See, there's this stuff called myelin in our brain. I learned about it by reading this post by Justine Musk called The Dirty Secret Truth about Talent - and How to Grow It. We grow myelin by struggling, by learning something new and challenging.
"...every time you struggle with a new skill, every time you push yourself, you’re firing the right signals through the right neural channels. Myelin adds itself to your neural circuitry…until one day the skill comes so “naturally” that it looks and seems effortless. You are “talented”. But that “breakthrough” you experienced didn’t come out of nowhere. It’s not a gift from the gods."
It's hard work and myelin working together to 'grow' your skill, your talent.
So keep pushing yourself, keep working hard, keep striving. It will pay.
Give up on Passion: What I Mean, is this...
Don't expect your passion to fuel your creativity. By its very nature, passion is transient, flaring and dissipating. Shifting allegiance.
We like to do the things we're good at.
So get good at something, and then enjoy your passion for it. Don't wait for the passion to drive you.
I'm not there yet. I'm not passionately compelled to write. In fact, I'm vastly entertained just staring at the wall and letting the stories play out in my mind, without having to write them all down.
But I committed to NaNoWriMo - publicly. So writing became part of my daily agenda, like feeding BoyChild or brushing my teeth, it became routine. I'm not going to say it was easy, because it wasn't. But the result of just doing it anyway, is that it's now easier. And because it is easier, it's also
Consider Yourself Subordinate: Public Accountability
Every night, after my writing session, I went on to the NaNoWriMo website and entered my word count, which automatically updated the progress widget on the blog. So every day, anyone could visit my blog and see exactly how many words I'd written.
I didn't really appreciate the magnitude of this until after NaNoWriMo was over. After I cracked out the 50k words, I saved my file and closed it for a few days. Last night, I opened the file and was at a loss, when I had no word count widget to update, after my writing session was over.
I relied on you to keep me on task. THANK YOU.
Which reminded me of these good reasons for blogging in the first place.
So declare your goals and intentions to someone who'll ask you about them.

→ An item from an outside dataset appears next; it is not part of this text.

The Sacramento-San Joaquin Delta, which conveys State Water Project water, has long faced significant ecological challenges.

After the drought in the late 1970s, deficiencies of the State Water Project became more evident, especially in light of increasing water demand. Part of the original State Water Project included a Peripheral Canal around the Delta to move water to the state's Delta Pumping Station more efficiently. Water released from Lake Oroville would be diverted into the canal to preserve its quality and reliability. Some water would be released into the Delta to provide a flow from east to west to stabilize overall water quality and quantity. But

Or imagine explaining to your child/ren why you didn't/don't pursue your dreams/goals.
Discover WHY You Write: Soothing the Beast
I've discovered why I write by a process of elimination.
I don't write because:
- I love the process. I really, really don't love the process. I find it confusing, overwhelming, and vaguely embarrassing.

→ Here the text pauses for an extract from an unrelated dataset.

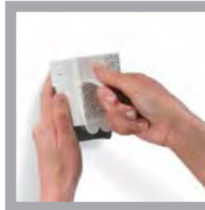
Adhesive wall mount (Included)

The PURELL ES™ Everywhere System offers four mounting options to provide the utmost versatility for every placement need. Plus, the optional SHIELD™ Floor & Wall Protector helps protect walls from drips and splashes.
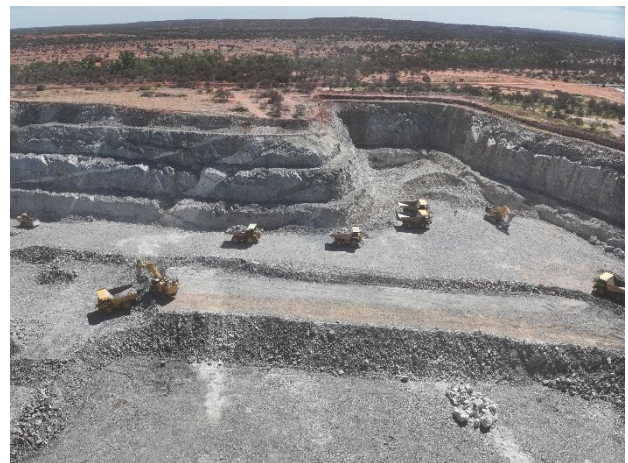
Figure 6: Multiple Visible ore zones at Kathleen’s Corner Pit

- I need to quiet the voices clammering in my head. As per above, I'm quite happy to listen to the voices and watch their stories unfold, lips moving as I mutter under my breath (which BoyChild thinks is hilarious). It's like watching an epic and beautifully cinematic movie that I have total control over. Cheap thrills.
- Money/Glory. 'Nuff said.
I do write because of the way it makes me feel about myself afterward. Writing is hard, excruciating, arduous, painful. But I do it. I do it because, when I'm done, I feel relieved and full at the same time. Replete. Sated. It satisfies this sad, anxious, restless beast prowling deep within.
|Lazy Cat Days by mich&pics|
When I don't write, this beast rears her ugly head and I walk around this earth like a tiger with no teeth, a dragon with no fire. Something that should be majestic, proud, fierce. But is instead, sad, lethargic, humiliated. Pathetic. And very, very irritable.
I have felt this way for most of my adult life (with a few notable exceptions, childbirth and travel, being two of them). It never, ever occurred to me that writing may be the balm for my restless spirit. That writing is my teeth, my fire.
I'm 38 years old, and I'm just coming alive. Again.
So keep going. Never stop. Never quit. Never give up. Never give in. Never. Say. Die.